**TASK GOAL**
Print, exactly and without pictures, the lines from the one where "Tarjeta amarilla. El" appears down to the end of the entries.

**INPUT MATERIAL**
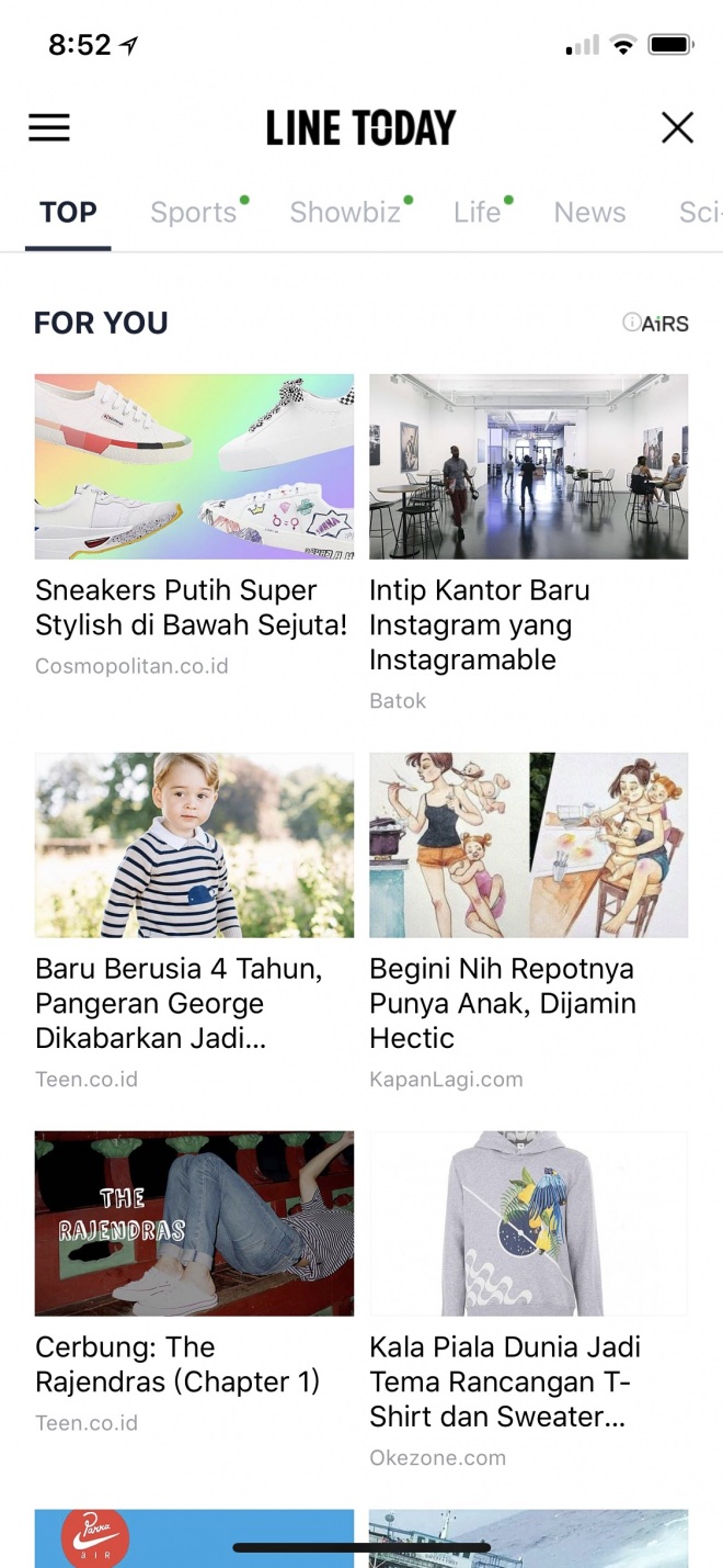 라인 투데이에 AiRS를 적용한 'For You powered by AiRS'(국가마다 표기 다름)는 별도로 구성된 영역을 통해 이용할 수 있다. 해당 영역을 통해 라인 투데이는 글로벌 사용자들의 콘텐츠 소비 패턴과 개인별 관심사를 분석하여 이에 따른 콘텐츠를 자동으로 추천한다. 네이버 측은 라인 투데이 모바일에 콘텐츠 추천 시스템을 우선 적용하고 향후 PC 버전에도 적용해나갈 예정이다.
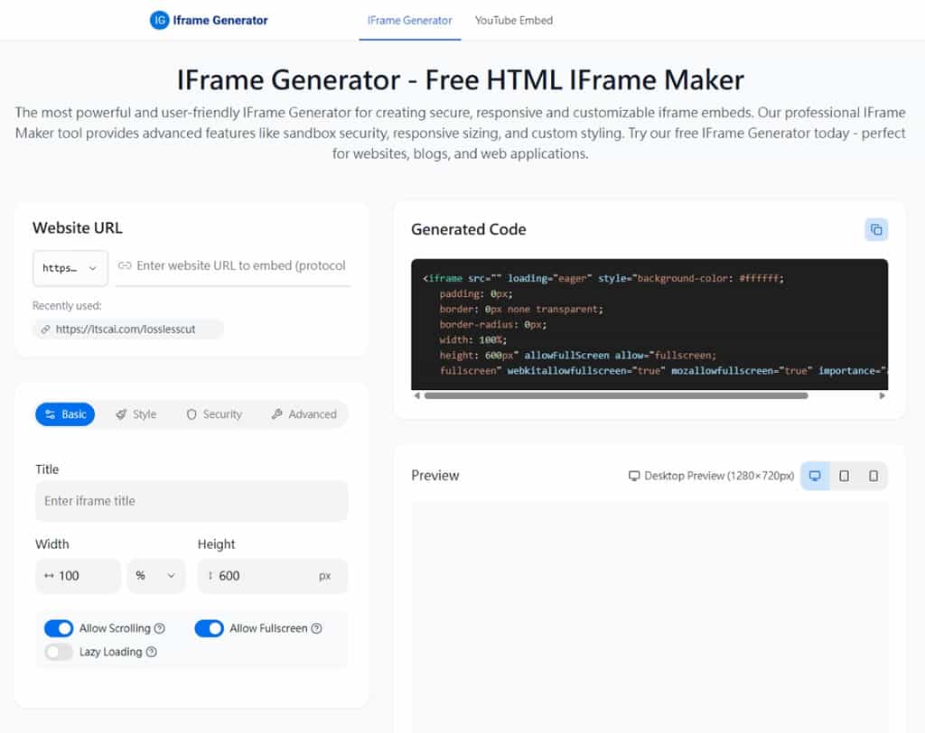 除了基本功能外,IFrame Generator 還支援即時預覽嵌入效果,並提供 responsive 響應式 iframe 選項,讓嵌入內容能自動適應各種裝置螢幕,無論是手機、平板還是桌機都能完美呈現。不論你是經營 WordPress 網站、Blogger 部落格,還是架設個人教學平台,這款工具都能派上用場。唯一要注意的是,被嵌入的網頁必須允許 iframe 顯示,若有設定 X-Frame-Options 限制,則無法成功載入內容。
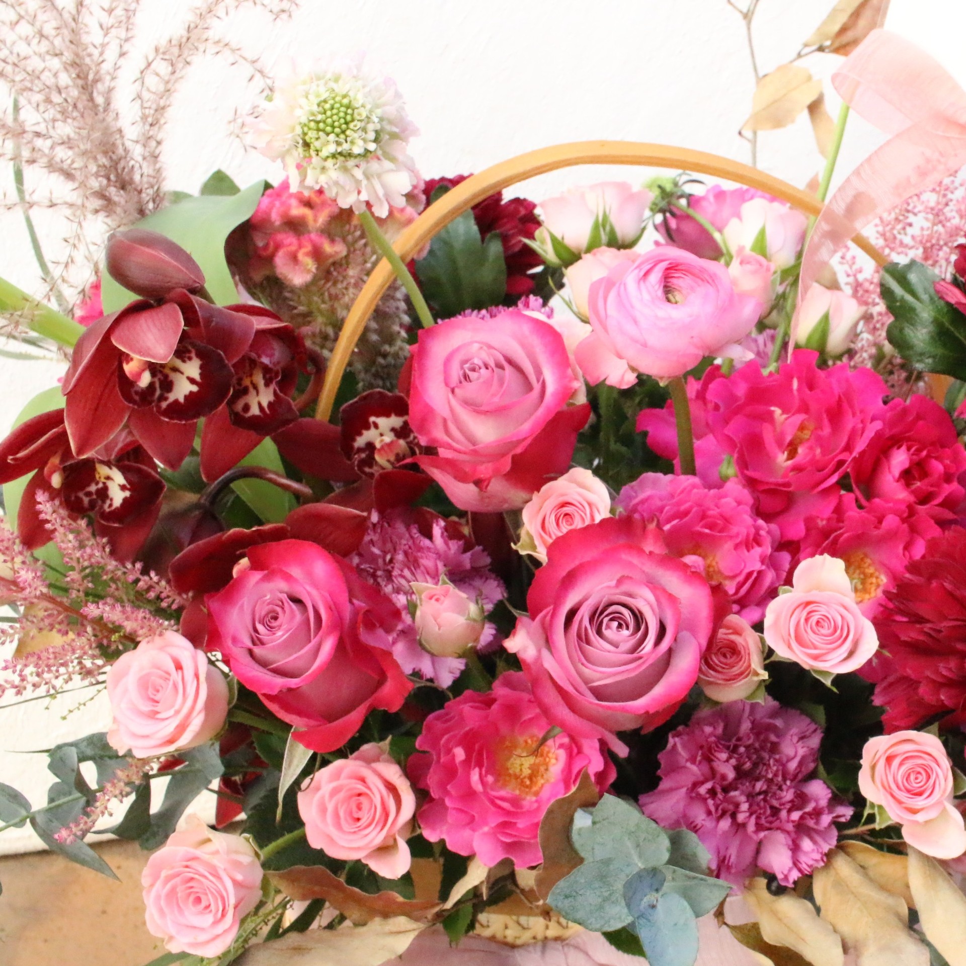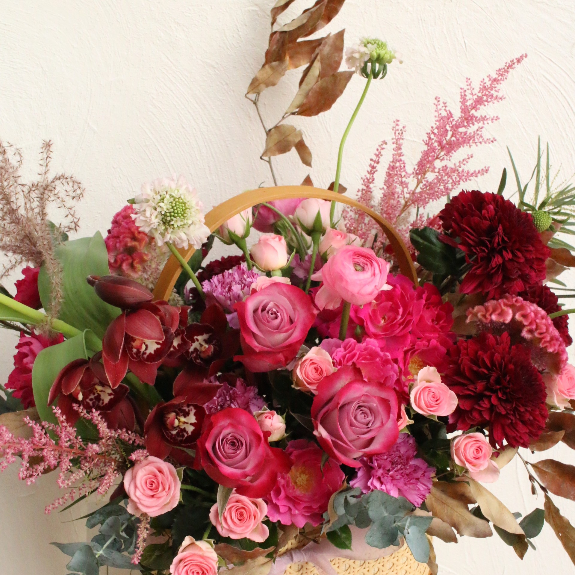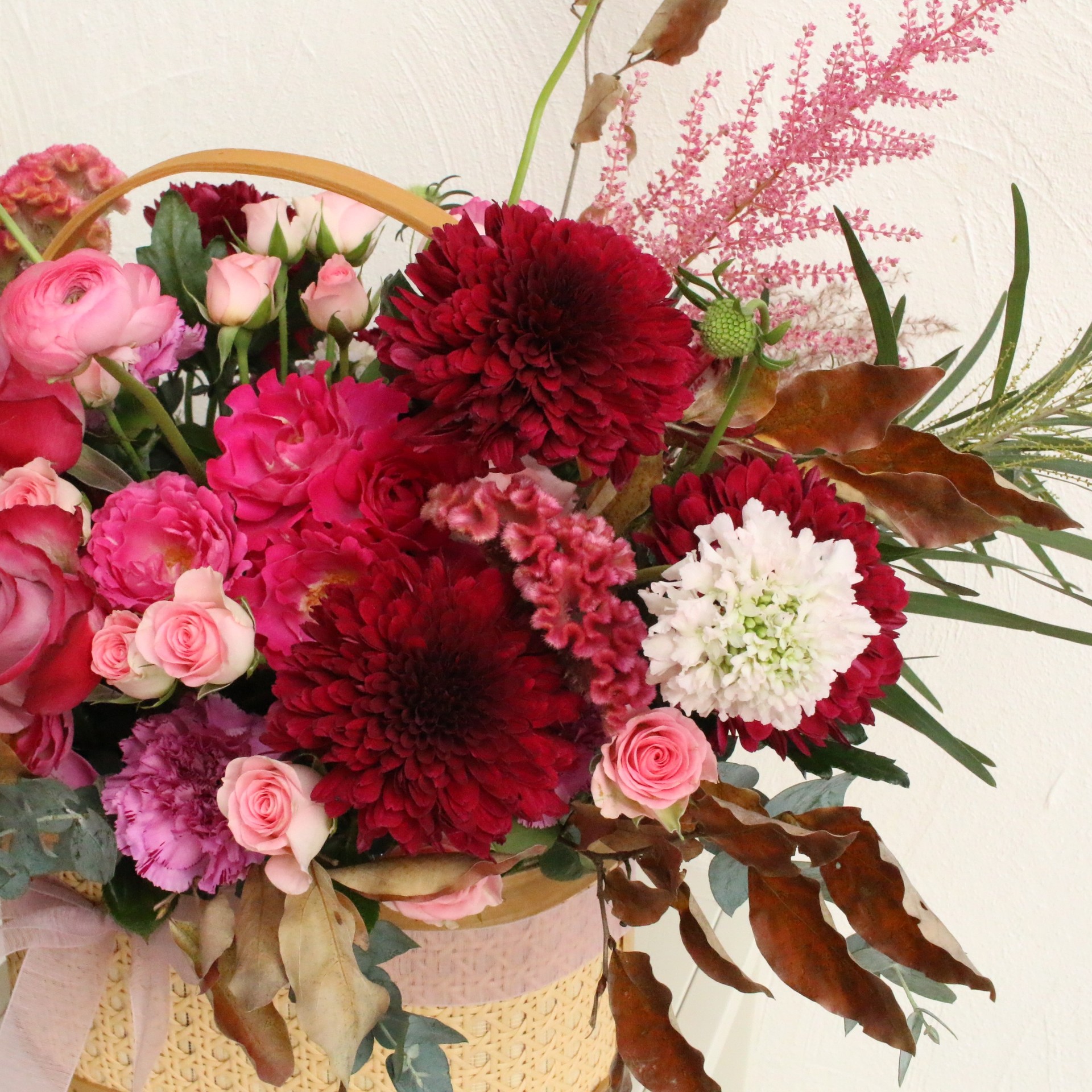 버건디,핑크 생화 꽃바구니🌷
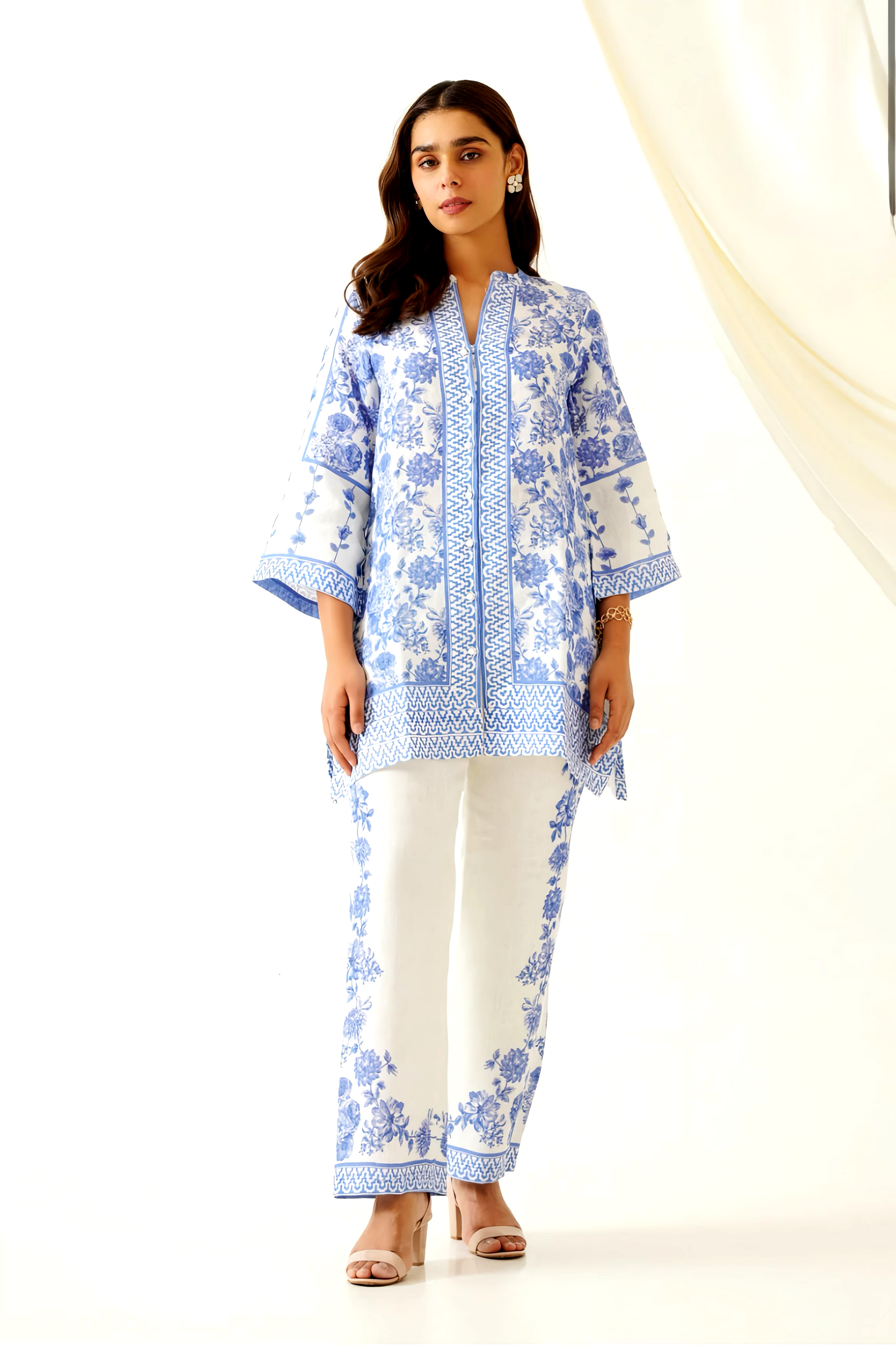 Crafted from luxurious imported linen and soft cotton, our Beautiful Co-Ord Set effortlessly combines comfort and style. The beautiful blue and white color palette adds a touch of luxury, making it the perfect addition to any fashionable wardrobe. Elevate your style with this must-have piece.
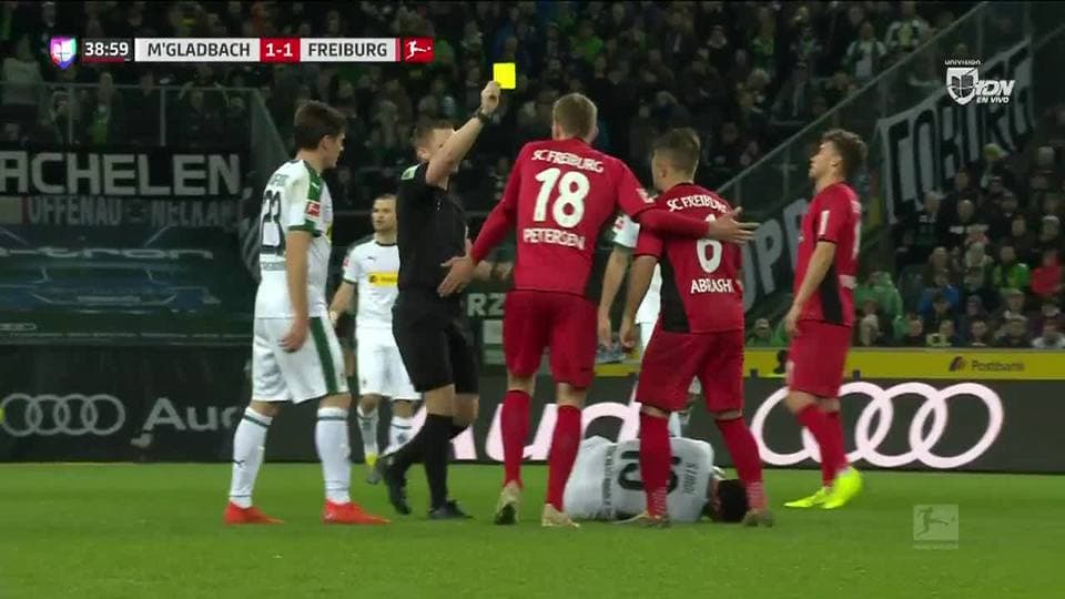 Tarjeta amarilla. El árbitro amonesta a Amir Abrashi de Sport-Club Freiburg
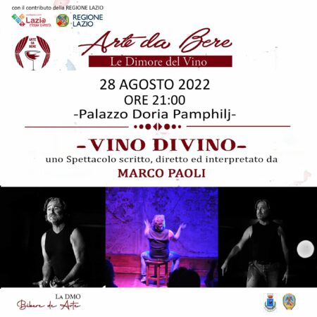 L'ultima domenica di agosto 2022, il giorno 28, il suggestivo Palazzo Doria Pamphilj di Valmontone ospita una serata tra il buon gusto del bere e il teatro: in scena "Vino Divino" (di Marco Paoli).
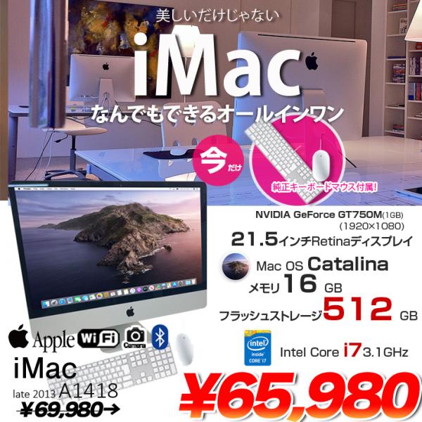 【中古パソコン】Apple iMac ME087J/A Late 2013 A1418 21.5インチ一体型 カメラ 今だけ!純正キーボード&マウス付 [Corei7 4770S 3.1GHz メモリ16GB SSD500GB 無線 BT OS10.15.7 ] :良品

**ANSWER SECTION**
 Tarjeta amarilla. El árbitro amonesta a Amir Abrashi de Sport-Club Freiburg
 L'ultima domenica di agosto 2022, il giorno 28, il suggestivo Palazzo Doria Pamphilj di Valmontone ospita una serata tra il buon gusto del bere e il teatro: in scena "Vino Divino" (di Marco Paoli).
 【中古パソコン】Apple iMac ME087J/A Late 2013 A1418 21.5インチ一体型 カメラ 今だけ!純正キーボード&マウス付 [Corei7 4770S 3.1GHz メモリ16GB SSD500GB 無線 BT OS10.15.7 ] :良品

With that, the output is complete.